DALLAS -- A proposal to overhaul the transportation code for the City of Dallas would gut the near-monopoly status of the Yellow Cab Company in North Texas. Yellow’s market dominance, estimated by its competitors at 70 percent, developed through more than a decade of weak oversight by the City of Dallas.
This proposal, obtained by News 8, will be released on Friday. Developed by a transportation work group chaired by Dallas council member Sandy Greyson, it would entirely scrap existing taxi regulations -- many of them favoring Yellow -- and create new rules.
Seven months of investigative reports from News 8 revealed that Yellow openly violated safety regulations without punishment from the city. In particular, News 8 has reported Yellow jeopardized passenger safety by operating without the city-required level of liability insurance, a serious violation that city regulators were aware of for years.
Greyson’s draft proposal was developed through a series of seven meetings with stakeholders in the transportation industry, including Yellow.
The proposal would erode Yellow’s dominance by:
- Breaking the cap on the total number of cabs allowed to operate in Dallas. Currently, Yellow’s profits are protected by city limits that prevent new cab companies from opening and expanding.

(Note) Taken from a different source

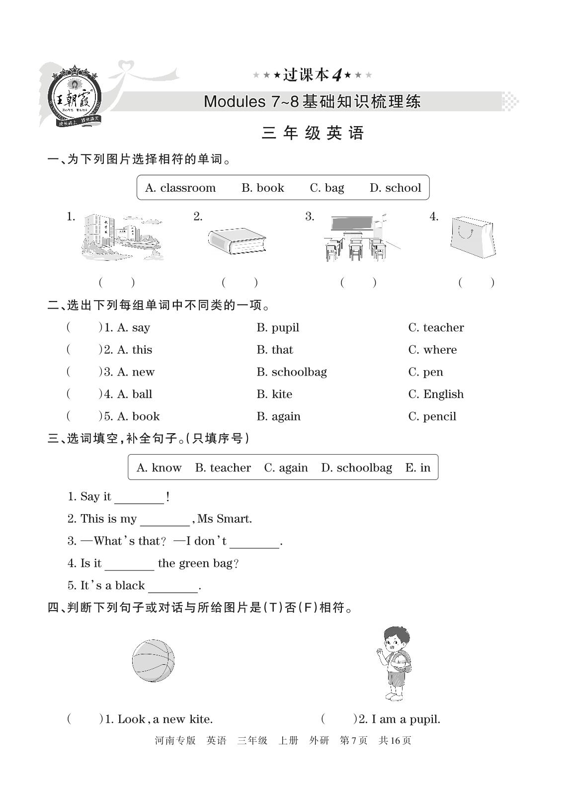 王朝霞期末过课本——Modules 7~8基础知识梳理练三年级上册英语(外研版)_R211202134123050【4】

- Allowing permitted drivers to move freely between companies. Drivers have complained that current rules make it difficult to leave Yellow and drive elsewhere.
- Eliminating age and mileage restrictions on a vehicle. Competitors say the existing rules restrict competition by favoring newer, more expensive vehicles driven by Yellow.
- Requiring a cab company to “report any accidents or insurance claims to the city.” News 8's stories have shown the legitimate claims of some injured passengers were denied by Yellow. The new rules would also increase insurance liability requirements from of $500,000 of coverage to $1 million.
- Ending a program that allowed Yellow’s Cab vehicles, powered by Compressed Natural Gas, to skip to the front of the line when picking up passengers at Love Field. This keeps non-Yellow drivers from competing for lucrative airport fares.
After News 8 revealed in November that Yellow drivers were operating without enough insurance, the City of Dallas ordered the taxi company to come into compliance within 30 days and Yellow complied. Since then, the City has taken no punitive action against Yellow.
A representative from Yellow Cab was not available to comment. The company has previously said it has always been transparent with the City and operated within the rules. Yellow says it immediately complied when the City asked it to change its insurance coverage.
Greyson’s draft proposal to create a new transportation-for-hire ordinance will be discussed Friday at an 11 a.m. meeting at City Hall.